A la edad de diecisiete años, en primavera, regresó de una estancia de dos años en Escocia para descubrir al apuesto y joven poeta Percy Shelley como huésped en su casa. Le pareció gentil y lleno de talento, y deseó desesperadamente llamar su atención. Al cabo de tres meses se habían convertido en amantes y emprendían viaje por Europa.

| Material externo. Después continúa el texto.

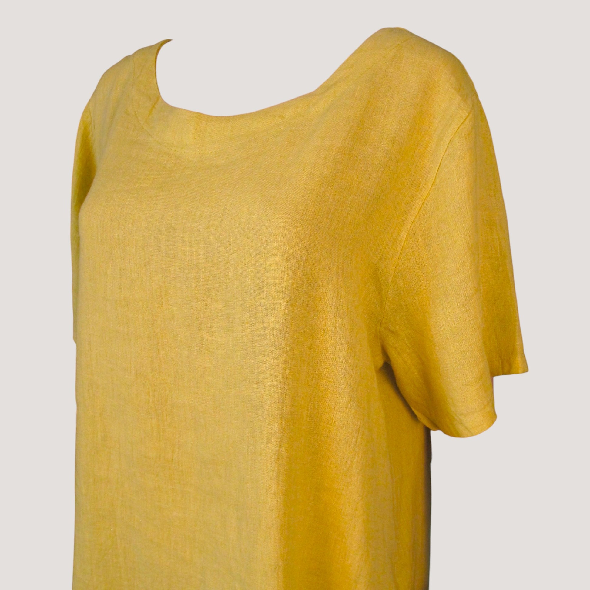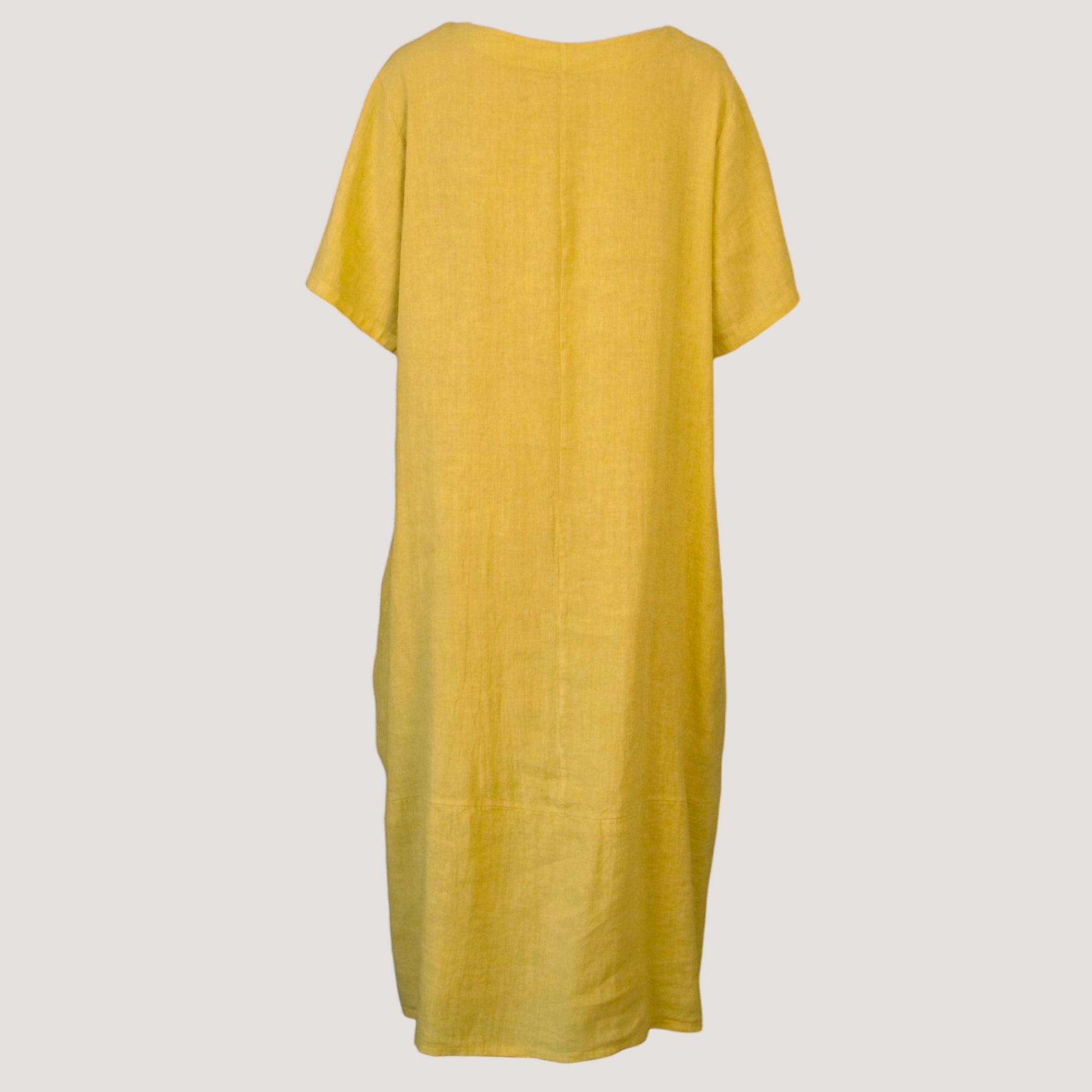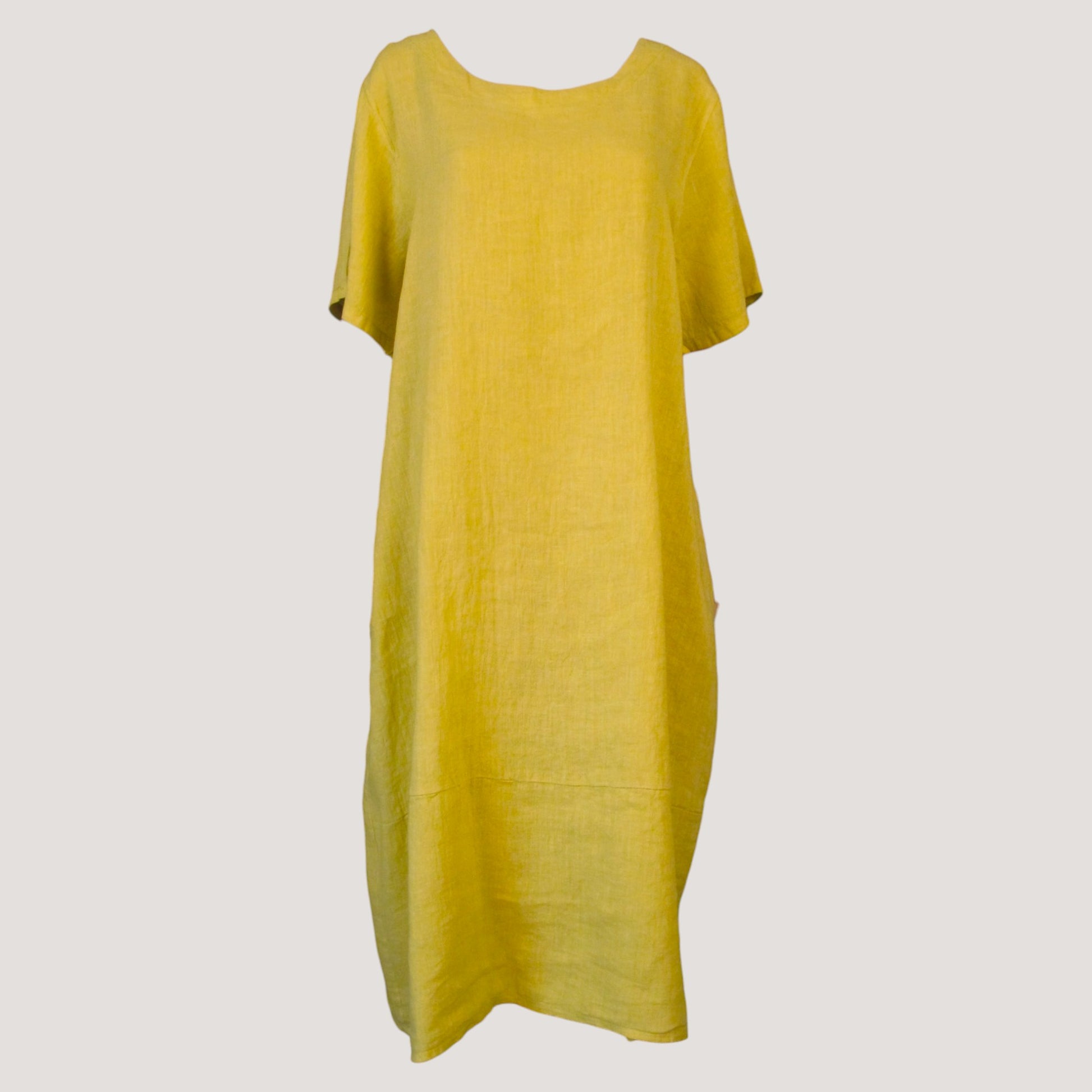Linne klänning med rundad hals, fickor på sidan och kort ärm.

Durante el verano de 1816, mientras ella, Percy Shelley, Byron y el doctor Polidori pasaban una temporada cerca de Ginebra, tomaron la costumbre de leerse mutuamente historias de fantasmas. Un día, como resultado de un reto de Byron, todos decidieron escribir novelas de horror. Sin embargo, a Mary Shelley no se le ocurrió nada hasta que oyó por casualidad a Byron y a su amante hablar acerca de Erasmus Darwin y sus ideas sobre la vida. Aquella noche la idea de Frankenstein le llegó en una pesadilla. Cuando fue publicada, la novela obtuvo grandes aclamaciones, y en 1823 se habían representado ya seis versiones de ella.

Pero por aquel entonces la vida de Mary Shelley había cambiado dramáticamente. Tres de sus cuatro hijos habían muerto prematuramente. La primera esposa de Percy se había suicidado en el invierno de 1816, y aunque Mary se convirtió poco tiempo después en la señora Shelley, su esposo murió en el mar en 1822.

Mary Shelley era famosa, atractiva e inteligente. Durante todo el resto de su vida recibió proposiciones de matrimonio de varios preeminentes pretendientes (incluido Washington Irving) Sin embargo, prefirió seguir fiel a la memoria de Percy Shelley, y siguió siendo su viuda. Siguió su carrera literaria viviendo casi en la pobreza durante la mayor parte de su vida.

Otra obra de Mary Shelley que podemos considerar de ciencia-ficción es THE LAST MAN (1826). Esta obra es un relato postholocausto situado en el año 2090. Una plaga que ha comenzado en Constantinopla aniquila a toda la humanidad. Solo un hombre sobrevive y se le verá por última vez dirigiéndose hacia el sur en un barco.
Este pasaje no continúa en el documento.